Three investment trusts you can trust

Professional investors Nick Greenwood and Charlotte Cuthbertson of Miton Global Opportunities pick three of their favourite investment trusts to buy now.

Miton Global Opportunities seeks to find pricing anomalies and special situations within the investment trust market. We hope to buy good assets for as little as seventy pence in the pound. Investment trust shares are openly traded on the stockmarket and change hands at a level decided by the balance of supply and demand, not by the official valuation of the underlying portfolio, the net asset value (NAV). 

Recent market turmoil has caused some investment trust discounts to NAV to widen to an extent not seen since the financial crisis of 2008. The wheat has yet to be sorted from the chaff following the sell-off and this has created some excellent deep-value opportunities. We often say we can buy a pound’s worth of assets for as little as seventy pence; in recent weeks we have had opportunities to buy into trusts on even bigger discounts to NAV. 

Climb on board Tufton Oceanic

A recent purchase has been Tufton Oceanic  Assets (LSE: SHIP), whose share price was hit during the general market malaise. Tufton owns a fleet of ships, many of which were originally ordered before the global financial crisis, when there was a supply glut; the trust picked up these ships at an attractive price. Investors perceive shipping to be viciously cyclical and as a result Tufton’s shares have fallen sharply. We have been able to buy shares at not far above our estimate of scrap value for the ships. 

Furthermore, the recent plunge in oil prices has increased the value of its tankers. When short-term oil prices are low, storage facilities are overrun and tankers are needed to store oil. While we wait for Tufton’s attractions to be recognised, we will collect dividends generated by the fleet’s long-term contracts. The historic yield is 8.4% and well covered by cash flow from the charters.

A bright future for Vietnam

Although there are short-term issues caused by the pandemic, Vietnam should ultimately be a beneficiary from the virus. Multinationals, which were already moving their manufacturing out of China as costs there have risen, now have an even greater incentive to diversify their manufacturing hubs and supply chains. Vietnam has a young population and is accordingly less affected by the virus than Western countries. VinaCapital Vietnam Opportunity Fund (LSE: VOF) is our favoured play on Vietnamese equities.

A hedge against inflation 

Authorities seem tempted to adopt Modern Monetary Theory in order to combat Covid-19: put simply, printing money to pay the bills. This raises the possibility that inflation will develop given the vast stimulus offered by central banks and governments. In this environment precious metals are attractive. 
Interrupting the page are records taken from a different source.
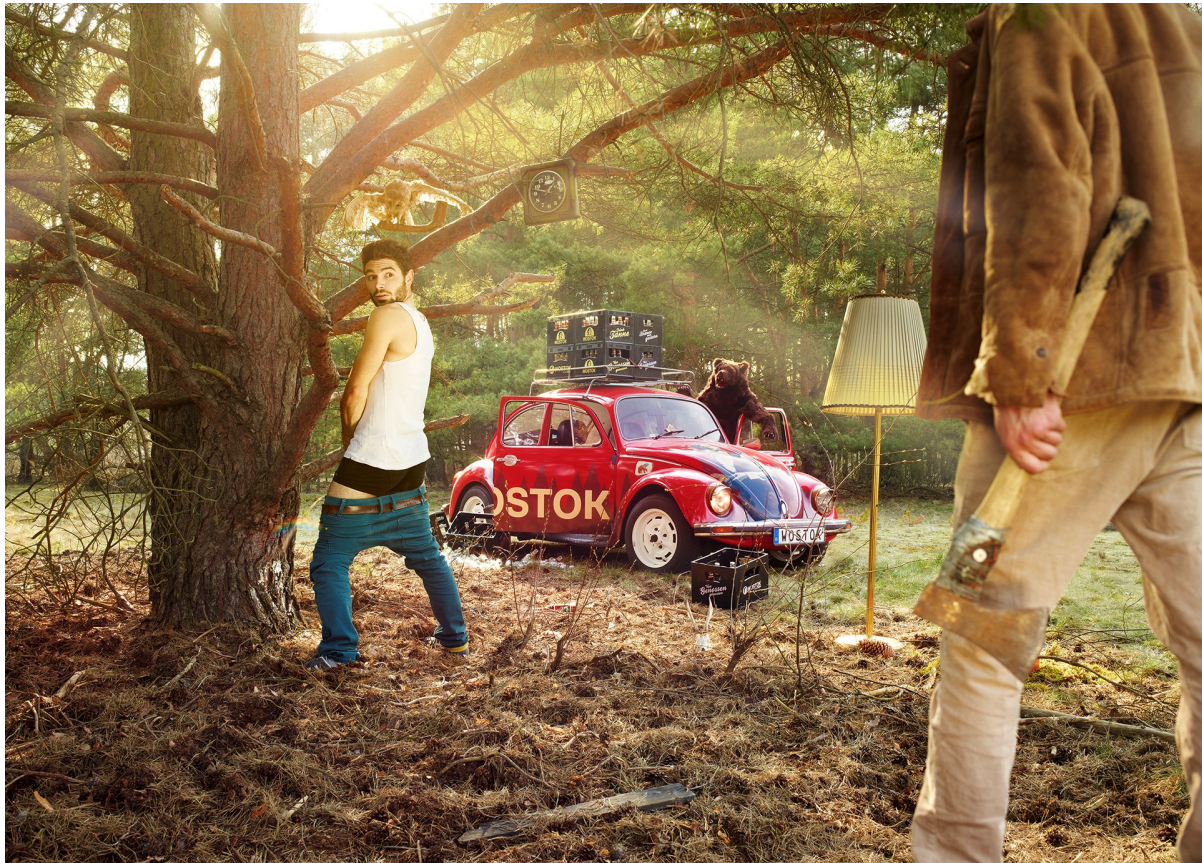
Abb. 5 Werbemotiv Wostok

Ende des Jahres 2017 hatte die Baikal Getränke GmbH 450.000,- Euro mit einer Crowdfunding-Kampagne eingenommen und wollte diese dazu nutzen, die Kommunikationsaktivitäten zu professionalisieren. Zum einen sollten weitere POS-Materialien wie z.B. Bierdeckel geschaffen werden, zum anderen sollten die Social Media-Kanäle professionell betreut werden (Baikal Getränke GmbH, 2017a). Akute Herausforderungen wie Transportengpässe im Hitzesommer 2018, von denen weite Teile der deutschen Erfrischungsgetränkeindustrie betroffen waren, führten dazu, die Professionalisierung zu verschieben (van Velzen, Interview, 12. November 2018).
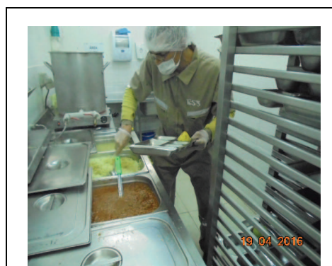
IMG. N° 001 Reinserción Social: Subprograma Laboral. Santiago 1

Comentario: En el marco del Subprograma Laboral, los internos tienen la posibilidad de realizar actividad laboral dependiente, ya sea como auxiliares de aseo o auxiliares reposteros. En la fotografía se muestra un interno desempeñando su labor como auxiliar repostero
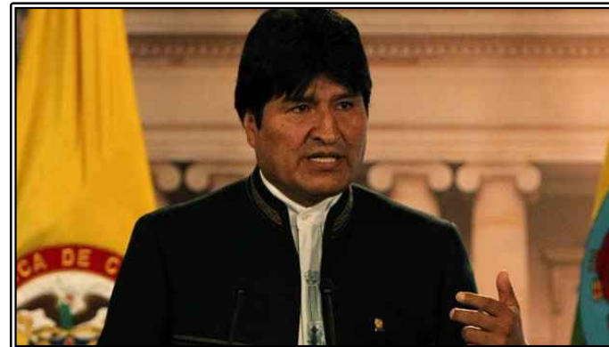
그림. 볼리비아 대통령 Evo Morales
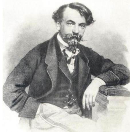
Илл. 2д. И. И. Панаев. (Литография П. Ф. Бореля)

Fig. 2c. V. G. Belinsky. (From the Lithography of the 1860s)
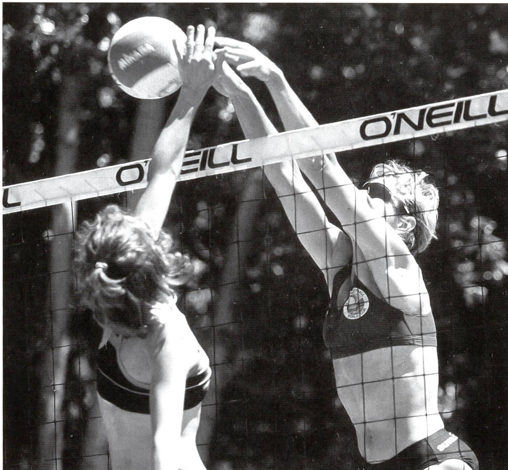
La tactique fait partie intégrante de la formation.
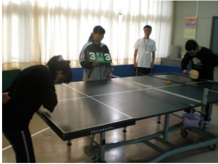
サウンドテーブルテニス（STT）

部活動は、運動部と音楽部があり、運動部は、中国・四国地区盲学校体育大会（卓球、サウンドテーブルテニスなど）や、鳥取・岡山・島根の盲学校が集まって行う親善卓球大会にも出場しています。
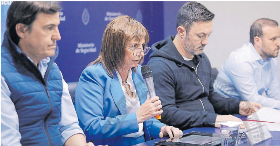
La ministra Patricia Bullrich, ayer, en conferencia de prensa en Bahía Blanca junto a su par de Defensa, Luis Petri

El Gobierno cuestionó con dureza a la jueza que liberó a los detenidos durante la marcha del miércoles; cuestionó a los jefes comunales de La Matanza y Lomas de Zamora por fogonear la movilización
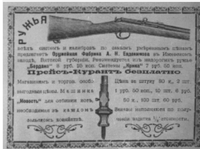
Реклама ружей фабрики А.Н. Евдокимова начала двадцатого века.
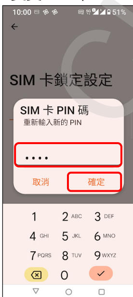
7. 重新輸入新的 PIN 碼 → 確定
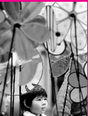
1月30日,在美国旧金山唐人街举行的元宵花市上,两个孩子走过一个卖风车的摊位。

新华社专电 索马里首都摩加迪沙,工作人员将一名伤者运抵医院。索马里警察部门和医院的消息说,索马里政府军内部31日发生交火事件,已造成至少17人死亡、多人受伤。
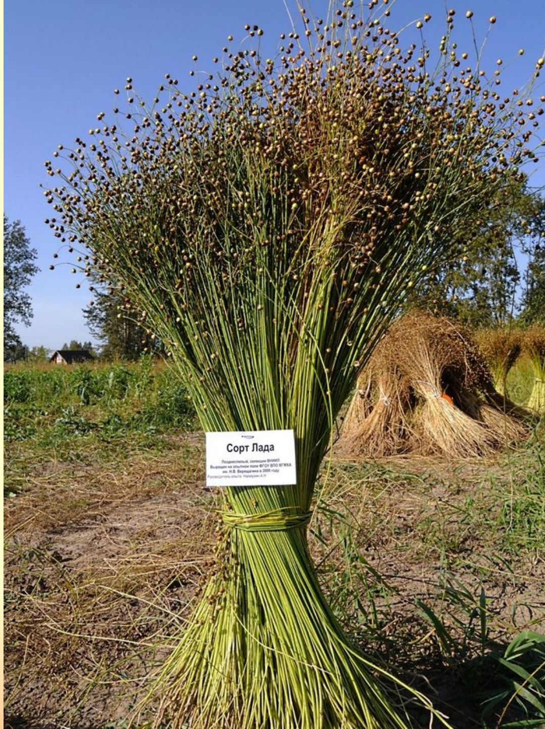
Сорт Лада Полувисокий, семена 010007 Выявлен на опытной посеи ФГОУ ВПО ВГМУА им. Н.Д. Бердяева в 2009 году Регистрация селек. материала отсутствует
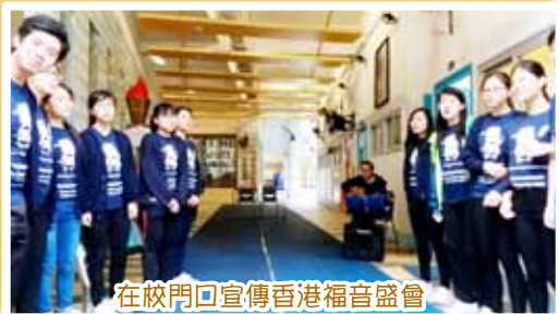
在校門口宣傳香港福音盛會

於2017年12月22日（五）學校舉行聖誕崇拜，為讓學生學習關心有需要的人，學習效法耶穌基督的榜樣，故在當日舉行慈善籌款日，共籌得港幣2610元，善款轉交「香港世界宣明會」，援助貧窮社羣。當天崇拜由同心圓青年敬拜平台同工帶領詩歌及分享信息，主題是不一樣的生命。
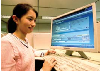
III 사진 41_구매대금 결제 시스템
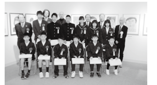
平成27年2月7日 表彰式
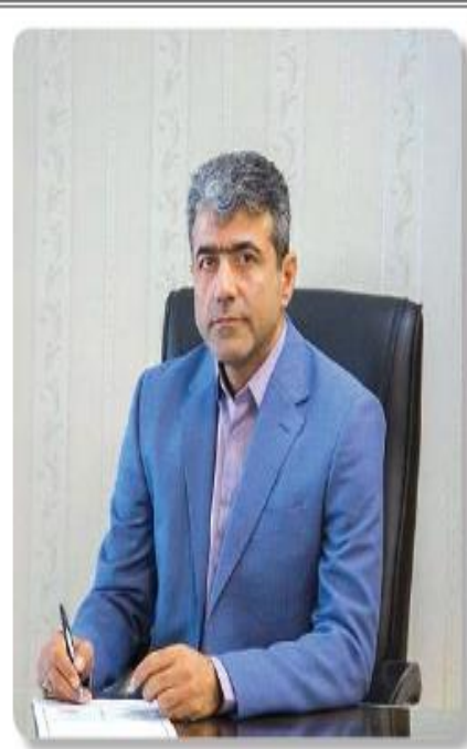
مدیرکل راهسازی و حمل و نقل چندی مازندران:

روکش آسفالت در ۳۳۵ کیلومتر از راه‌های ارتباطی مازندران انجام شد
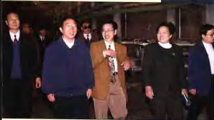
市人大主任吴贵增（右五） 深入工厂调查研究，指导工作
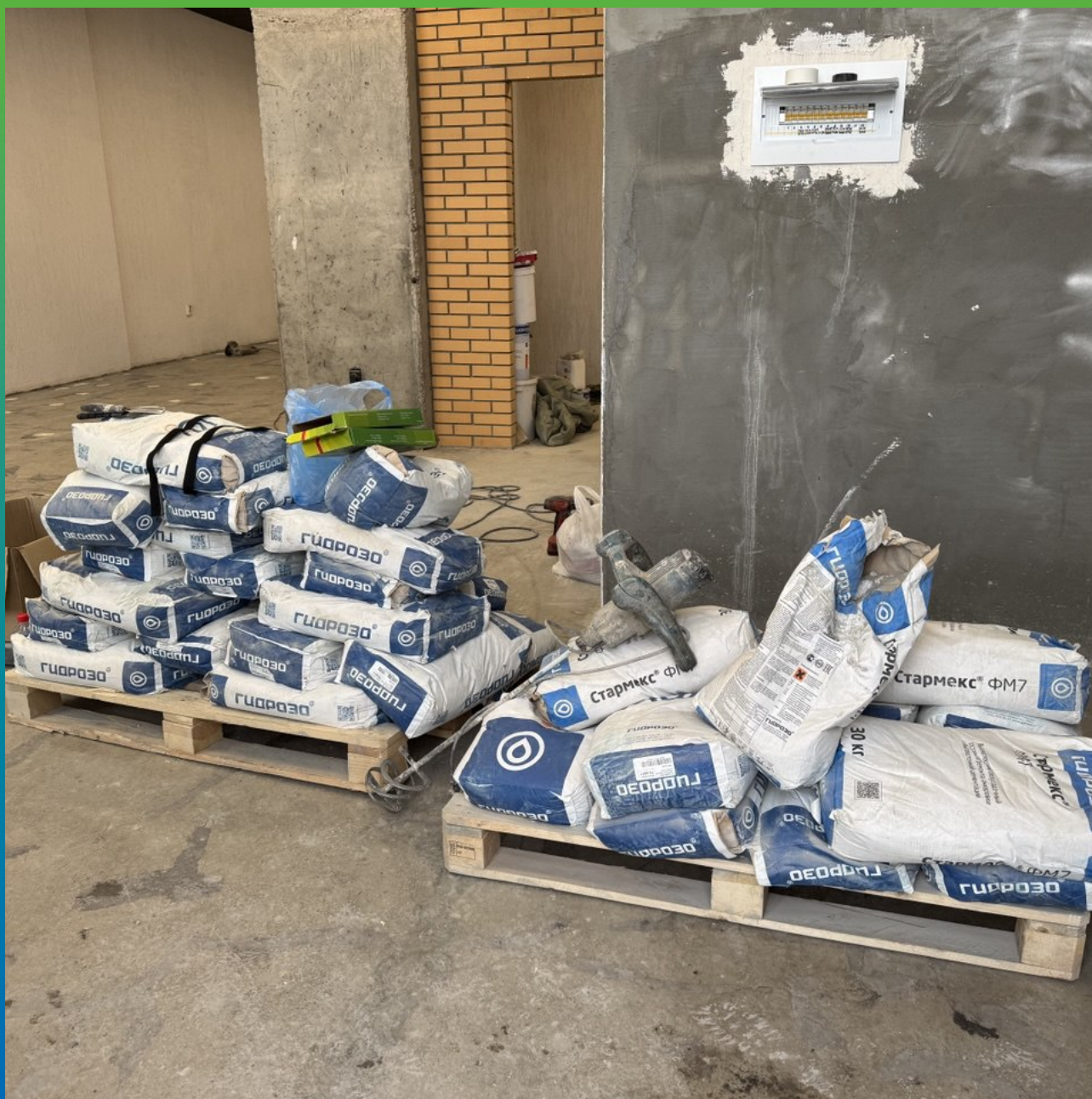
Состав Стармекс ФФ на площадке
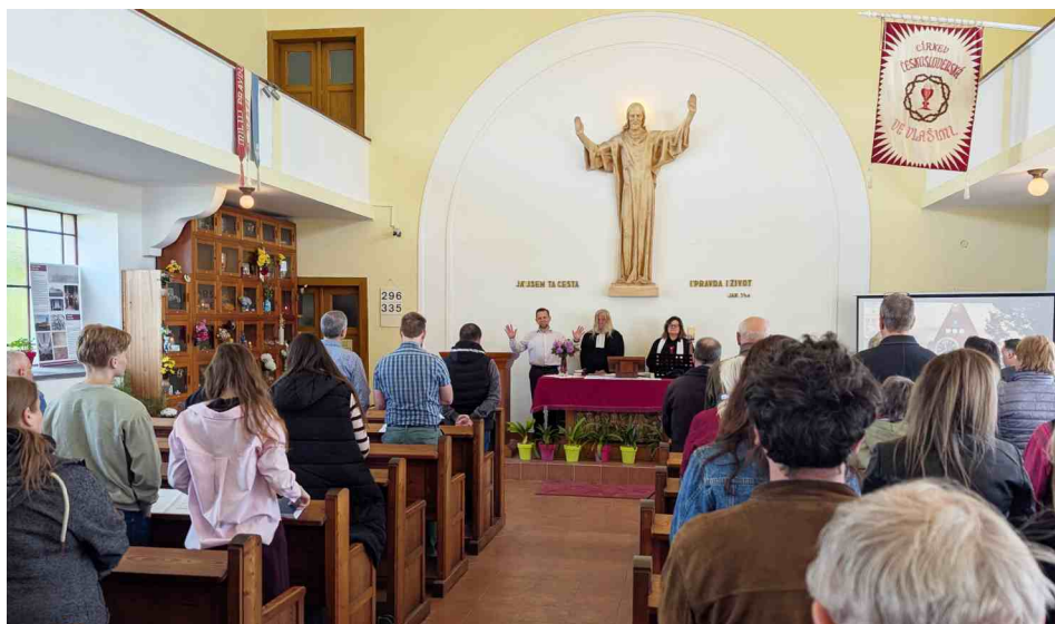
Ekumenické bohoslužby ve sboru CČSH. Vlašim květen 2026.
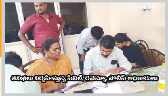
తనిఖ్యలు నిర్వహిస్తున్న సివిల్, రెవెన్యూ, పోలీస్ అధికారులు

Baker Steel Resources Trust (LSE: BSRT), a mining specialist, has 40% of its NAV exposed to gold and silver. The trust focuses on finding interesting deposits and obtaining the necessary permits needed to convert these into working mines. Once this process is complete, Baker Steel usually sells to a multinational, which will build the mine. Often this includes a royalty where the trust receives a percentage of the mine’s output during its lifetime. The market is poor at valuing these and we think the trust is trading at a wider discount than the official figure suggests.